Nonetheless, there’s more to health than just a narrow approach of weight loss.  For example, there are some observational studies linking artificial sweetener consumption to metabolic disorders.  This includes an increased risk of metabolic syndrome, type 2 diabetes and heart disease.  At times such results are quite astounding… for example, one study established that diet soft drinks were linked to a 121% greater risk of type 2 diabetes.
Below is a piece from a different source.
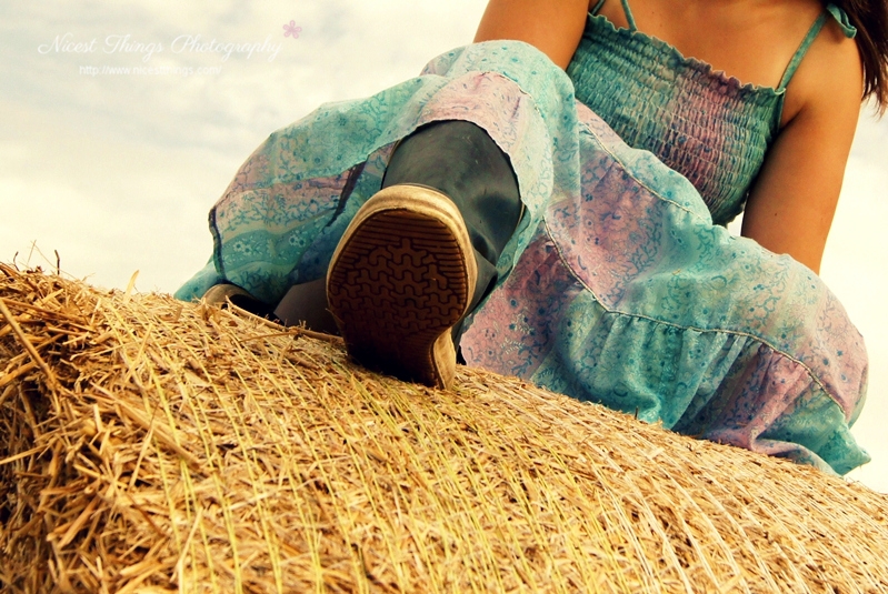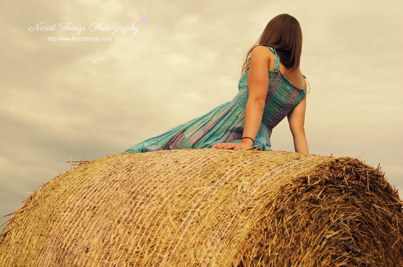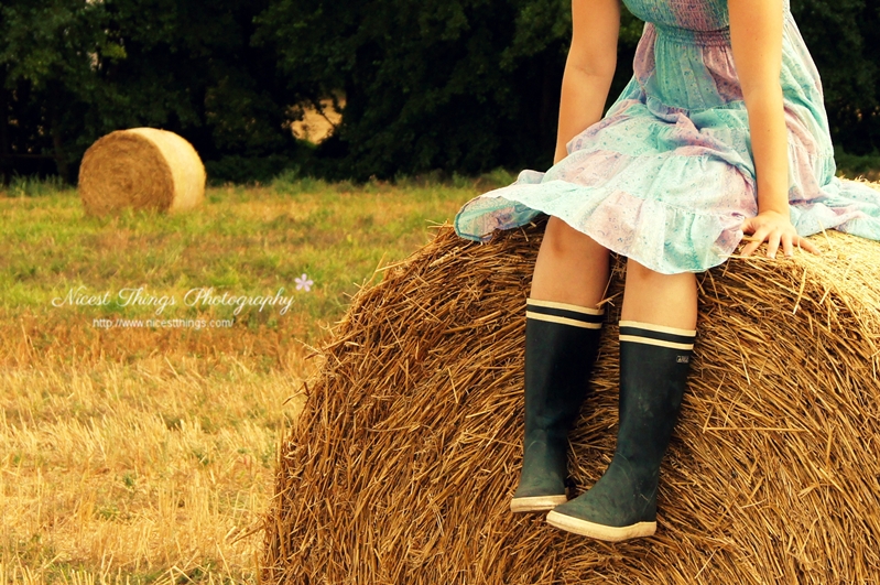Aber jetzt auf einmal hat der Bauer das Feld direkt hinter unserem Haus abgeerntet. Und mir ein paar wunderschöne Heuballen dahin gesetzt. Ha! Ist zwar ein bisschen spät, im September noch…? Aber mir solls ja recht sein. In aller Ruhe konnte ich mir ein Kleid aussuchen, zehnmal kontrollieren ob sich die Speicherkarte in der Kamera befindet und auf die Golden Hour warten. Einen Fotografen hatte ich auch.
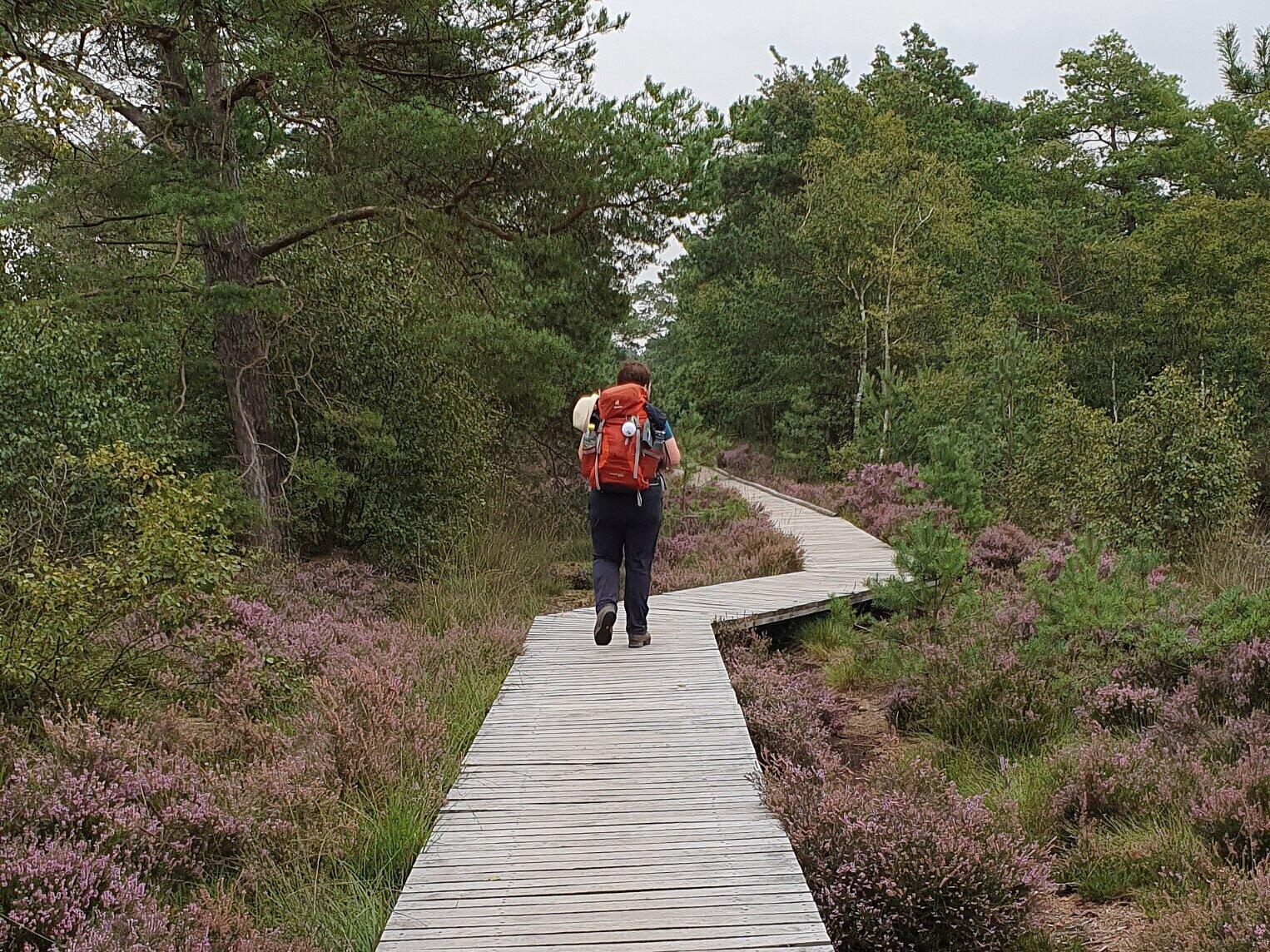 Wandertagebuch, Teil 4 Knutschende Bäume – wo gibt’s denn sowas? Küssende Eichen und Buchen können auf dem Alfred-Toepfer-Pfad bestaunt werden. // Christine Fischer von Christine Fischer TEILEN  27.08.2023 Rugendorf – Vierte Etappe des Heidschnuckenweges: Zum ersten Mal nutzen wir den Heide-Shuttle, außerdem gesellen sich zur lila Blütenpracht morbide Moorlandschaften – und wir müssen die Regenjacken auspacken. Doch von Anfang an. Weil wir statt der offiziellen Etappe 5 lieber eine Wegvariante laufen wollen, bei der wir auch am Pietzmoor bei Schneverdingen vorbeikommen, entschließen wir uns nach unserer Übernachtung in Niederhaverbeck, am Morgen den Bus zu nehmen. Von Mitte Juli bis Mitte Oktober befördern die kostenlosen Heide-Shuttles Wanderer und Fahrradfahrer auf fünf verschiedenen Runden durch den kompletten Naturpark Lüneburger Heide. Wir steigen in Schneverdingen aus und marschieren auf einem Holzbohlenweg rund fünf Kilometer durch die wildromantische und manchmal fast etwas gruselige Wasserlandschaft des Pietzmoors. Wichtigstes Accessoire auf dem Moor-Erlebnisweg ist das Anti-Mückenspray. Zwei Rugendorferinnen unterwegs: Wandern für die Seele Nur einen Gang über die Straße entfernt breitet sich die Osterheide aus, eine der größten zusammenhängenden Heideflächen der Lüneburger Heide. Es ist ausnahmsweise bewölkt, und außer uns sind kaum Wanderer oder Radfahrer unterwegs. Die unaufgeregte Stille tut gut, wir laufen und lassen den Blick schweifen über das lilafarbenen Blütenmeer. Der vierte Tag auf dem Heidschnuckenweg in der Lüneburger Heide // FOTOGALERIE Christine Fischer Der vierte Tag auf dem Heidschnuckenweg in der Lüneburger Heide // FOTOGALERIE Christine Fischer Der vierte Tag auf dem Heidschnuckenweg in der Lüneburger Heide // FOTOGALERIE Christine Fischer Der vierte Tag auf dem Heidschnuckenweg in der Lüneburger Heide // FOTOGALERIE Christine Fischer Der vierte Tag auf dem Heidschnuckenweg in der Lüneburger Heide // FOTOGALERIE Christine Fischer Der vierte Tag auf dem Heidschnuckenweg in der Lüneburger Heide // FOTOGALERIE Christine Fischer Der vierte Tag auf dem Heidschnuckenweg in der Lüneburger Heide // FOTOGALERIE Christine Fischer Wandern für die Seele. Wir passieren das kleine Möhrer Moor mit seinem Naturlehrpfad und staunen im angrenzenden Wald über verschlungene Doppelbäume. Eichen und Buchen wachsen dort in inniger Umarmung, manche Stämme treffen sich auf halber Höhe zu einem Kuss. Heidschnuckenweg: Erstmals müssen die Regenjacken ran Bis zum geschichtsträchtigen Gutshof auf dem Tütsberg, der mittlerweile ein Hotel beherbergt, müssen wir ein paar Höhenmeter auf schnurgeraden Waldwegen zurücklegen. Die Kaffeepause haben wir uns kurz vor dem Tagesziel redlich verdient. Und dann erwischt uns auf den letzten Kilometern bis nach Behringen doch tatsächlich noch ein leichter Regenschauer, und wir müssen zum allerersten Mal auf unserer Heidschnucken-Wanderung die Regenjacken auspacken. Lesen Sie auch: Wandertagebuch Von Nacktwanderern und Heide-Bullis Zwei Superlative und viele interessante Begegnungen hält Tag 3 auf dem Heidschnuckenweg für die Wanderinnen Christine Fischer und Sandra Zeitler bereit. Besondere Reise Zwei Rugendorferinnen gehen 200 Kilometer zu Fuß Sandra Zeitler und Christine Fischer machen sich auf zu einer langen Wandertour in Norddeutschland. Sich eine Region zu Fuß zu „erarbeiten“, hat für die beiden Frauen einen besonderen Reiz. Wandertagebuch Steiler Anstieg und ein freundlicher „Hausmeister“ Sandra Zeitler und Christine Fischer sind derzeit auf einer langen Wandertour in Norddeutschland unterwegs. An dieser Stelle berichten sie regelmäßig über ihre Erlebnisse. Wandertagebuch Himmel und Hölle an einem Tag Tag 2 beschert den Heidschnucken-Wanderinnen Christine Fischer und Sandra Zeitler herrliche Aussichten, aber auch eine ganz besondere Herausforderung.

Yet another study found that these drinks were linked to a 34% greater risk of metabolic syndrome.  This is supported by a recent prominent study on artificial sweeteners, showing that they caused a disruption in the gut flora and induced glucose intolerance.  Bacteria in the intestine (gut flora) are incredibly important for health.  The likelihood that artificial sweeteners may be causing disruption in the gut bacteria is undoubtedly a cause for concern.


The bottom line is that replacing sugar with artificial sweeteners may be helpful in reducing body weight, but only slightly at best.  Their consumption does not appear to cause weight gain, at least not in the short-term.


At the end of the day, artificial sweeteners are not as “toxic” as some people make them out to be, but I’m not convinced that they’re perfectly safe either.  The jury is still out on this issue so you need to decide for yourself. 


If you’re healthy, happy and satisfied with the results you’re getting and you are an artificial sweeteners user then there’s no need to change anything. If it is not broken, don’t fix it.  But if you suffer from cravings, poor blood sugar control or any unidentified health problem, I would recommend that avoiding artificial sweeteners may be one of many things to consider.